When you can assume that your audience holds the same beliefs you do, you can relax and use more normal means of talking to it; when you have to assume that it does not, then you have to make your vision apparent by shock -- to the hard of hearing you shout, and for the almost-blind you draw large and startling figures.
Flannery O'Connor

28.
In yourself right now is all the place you've got.
Flannery O'Connor

29.
I have found, in short, from reading my own writing, that my subject in fiction is the action of grace in territory largely held by the devil.
Flannery O'Connor

30.
To the hard of hearing you shout, and for the almost blind you draw large and startling figures.
Flannery O'Connor

31.
St. Cyril of Jerusalem, in instructing catechumens, wrote: “The dragon sits by the side of the road, watching those who pass. Beware lest he devour you.

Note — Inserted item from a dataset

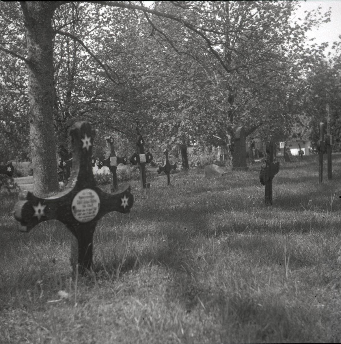 Kyrkogård vid Blackstads kyrka, gravvårdar med emaljskyltar.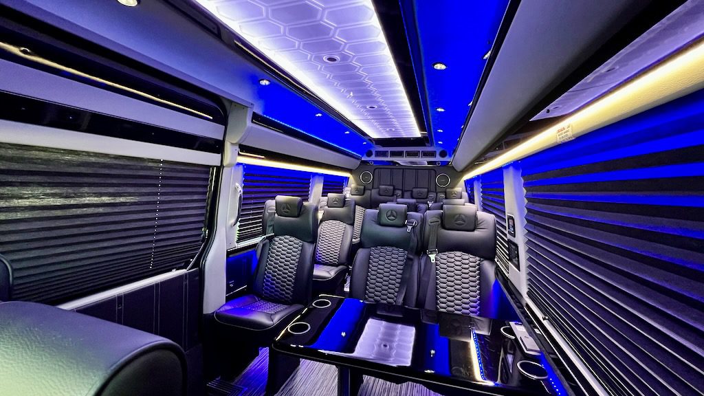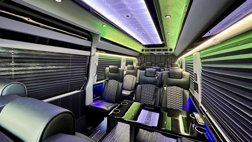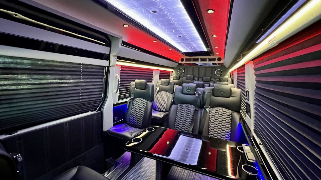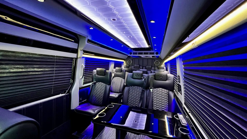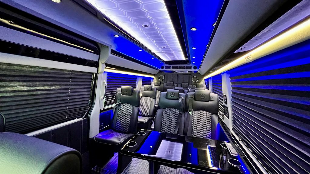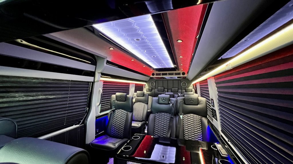 When comfort and elegance are your top priority there is another new option available from Igport Limos. This ALL NEW Mercedes Benz Sprinter is a “Private Jet” on wheels. This executive Sprinter will accommodate 13 passengers plus a co-pilot and has a large luggage capacity. The vehicle offers most of the amenities of a traditional limousine and much more. The large automatic sliding entry door provides easy entry and exit, and the height allows for passengers to stand and walk to their seat compared to traditional limousine or SUV which is more restrictive. This new Igport Limos Mercedes Benz Executive Sprinter has been custom built and is one of the most modern and elegant anywhere here in the Dallas/Fort Worth metro area. Whether it’s for business or pleasure, nothing will treat you and your guest to a more versatile and luxurious experience than this ALL NEW Mercedes Executive Sprinter.

We go to the Father of Souls, but it is necessary to pass by the dragon.” No matter what form the dragon may take, it is of this mysterious passage past him, or into his jaws, that stories of any depth will always be concerned to tell, and this being the case, it requires considerable courage at any time, in any country, not to turn away from the storyteller.
Flannery O'Connor

32.
Those who have no absolute values cannot let the relative remain merely relative; they are always raising it to the level of the absolute.
Flannery O'Connor

33.
Sickness is a place, ... and it's always a place where there's no company, where nobody can follow.
Flannery O'Connor

34.
It's always wrong of course to say that you can't do this or you can't do that in fiction. You can do anything you can get away with, but nobody has ever gotten away with much.
Flannery O'Connor

35.
A working knowledge of the devil can be very well had from resisting him.
Flannery O'Connor

36.
When in Rome, do as you done in Milledgeville.
Flannery O'Connor

37.
I am interested in making up a good case for distortion, as I am coming to believe it is the only way to make people see.
Flannery O'Connor

38.
When the peacock has presented his back, the spectator will usually begin to walk around him to get a front view; but the peacock will continue to turn so that no front view is possible. The thing to do then is to stand still and wait until it pleases him to turn. When it suits him, the peacock will face you. Then you will see in a green-bronze arch around him a galaxy of gazing, haloed suns.
Flannery O'Connor

39.
Faith is what someone knows to be true, whether they believe it or not.
Flannery O'Connor

40.
I write because I don't know what I think until I read what I say.
Flannery O'Connor

41.
Most of us come to the church by a means the church does not allow.
Flannery O'Connor

42.
I am tired of reading reviews that call A Good Man brutal and sarcastic. The stories are hard but they are hard because there is nothing harder or less sentimental than Christian realism.... when I see these stories described as horror stories I am always amused because the reviewer always has hold of the wrong horror.
Flannery O'Connor

43.
The writer operates at a peculiar crossroads where time and place and eternity somehow meet. His problem is to find that location.
Flannery O'Connor

44.
You have to quit confusing a madness with a mission.
Flannery O'Connor

45.
One of the awful things about writing when you are a Christian is that for you the ultimate reality is the Incarnation, the present reality is the Incarnation, and nobody believes in the Incarnation; that is, nobody in your audience. My audience are the people who think God is dead. At least these are the people I am conscious of writing for.
Flannery O'Connor

46.
In a sense sickness is a place, more instructive than a long trip to Europe, and it's always a place where there's no company, where nobody can follow. Sickness before death is a very appropriate thing and I think those who don't have it miss one of God's mercies.
Flannery O'Connor

47.
A God you understood would be less than yourself.
Flannery O'Connor

48.
It is better to be young in your failures than old in your successes.
Flannery O'Connor

49.
The way to despair is to refuse to have any kind of experience.
Flannery O'Connor

50.
Go warn the children of God of the terrible speed of mercy.